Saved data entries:
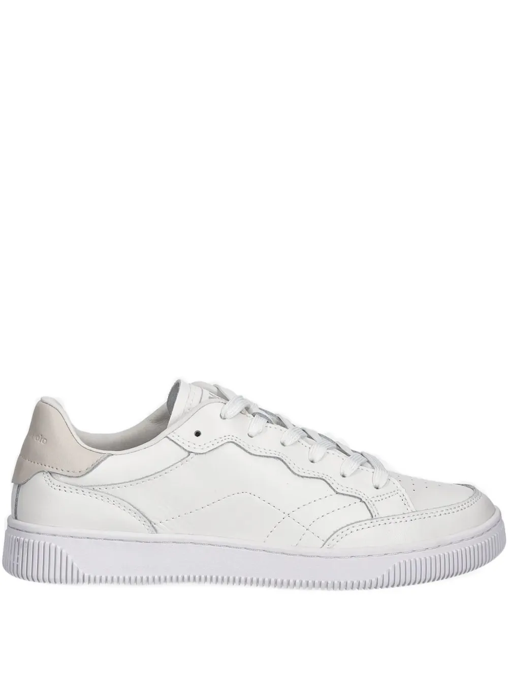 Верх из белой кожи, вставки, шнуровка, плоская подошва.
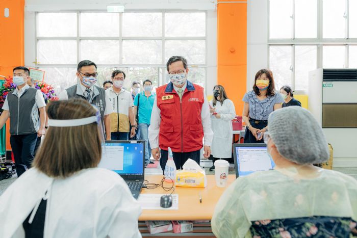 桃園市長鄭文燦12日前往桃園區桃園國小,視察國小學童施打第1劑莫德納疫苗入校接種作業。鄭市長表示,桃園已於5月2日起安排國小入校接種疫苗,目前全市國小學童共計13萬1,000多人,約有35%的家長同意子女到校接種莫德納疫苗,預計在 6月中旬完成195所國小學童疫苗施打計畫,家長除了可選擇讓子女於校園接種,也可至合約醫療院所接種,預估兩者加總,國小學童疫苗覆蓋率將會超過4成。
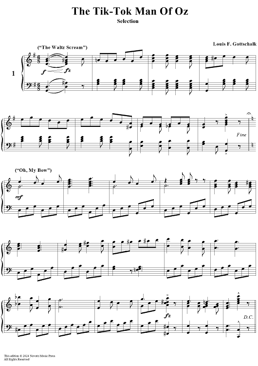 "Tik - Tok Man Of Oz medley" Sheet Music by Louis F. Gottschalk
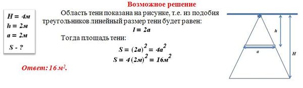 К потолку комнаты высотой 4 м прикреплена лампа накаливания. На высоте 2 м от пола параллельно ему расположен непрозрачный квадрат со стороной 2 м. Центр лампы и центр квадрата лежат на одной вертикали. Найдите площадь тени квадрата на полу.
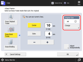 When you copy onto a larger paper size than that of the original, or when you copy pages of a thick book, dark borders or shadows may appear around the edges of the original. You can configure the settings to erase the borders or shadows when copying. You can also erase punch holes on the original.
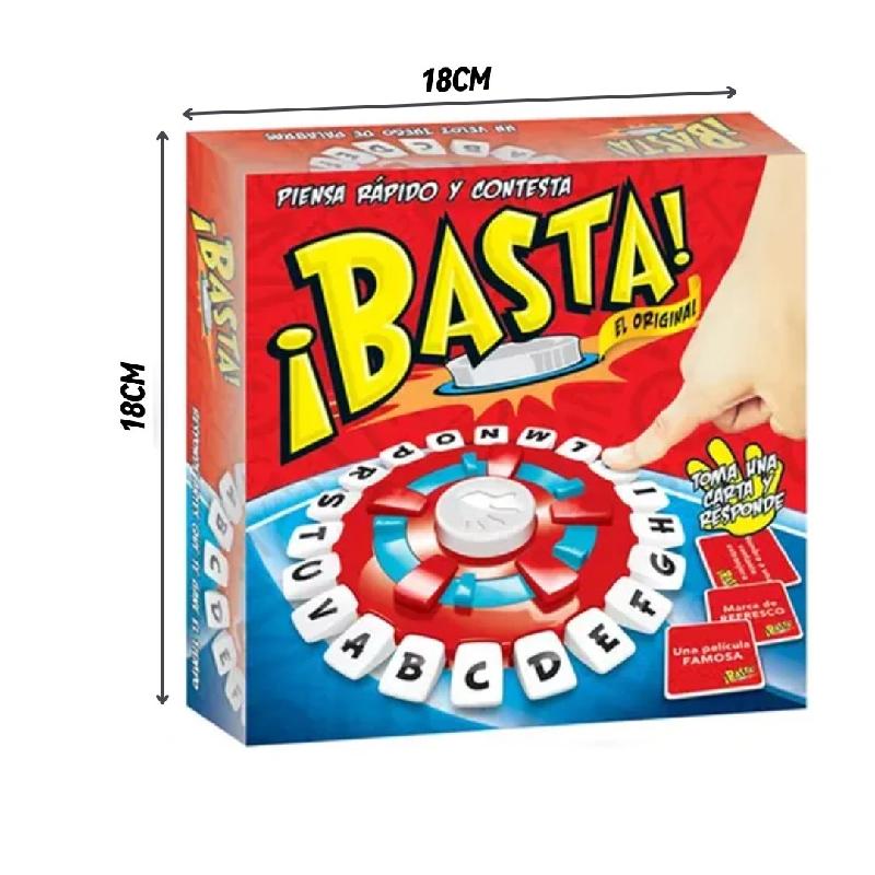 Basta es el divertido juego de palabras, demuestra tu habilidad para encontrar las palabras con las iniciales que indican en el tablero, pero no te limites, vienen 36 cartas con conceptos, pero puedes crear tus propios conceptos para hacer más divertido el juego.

### [Prompt]
Exactly the lines from the one holding "К потолку комнаты" through the last line of the entries must be set down, with nothing added and no pictures.

### [Answer for this exercise]
 К потолку комнаты высотой 4 м прикреплена лампа накаливания. На высоте 2 м от пола параллельно ему расположен непрозрачный квадрат со стороной 2 м. Центр лампы и центр квадрата лежат на одной вертикали. Найдите площадь тени квадрата на полу.
 When you copy onto a larger paper size than that of the original, or when you copy pages of a thick book, dark borders or shadows may appear around the edges of the original. You can configure the settings to erase the borders or shadows when copying. You can also erase punch holes on the original.
 Basta es el divertido juego de palabras, demuestra tu habilidad para encontrar las palabras con las iniciales que indican en el tablero, pero no te limites, vienen 36 cartas con conceptos, pero puedes crear tus propios conceptos para hacer más divertido el juego.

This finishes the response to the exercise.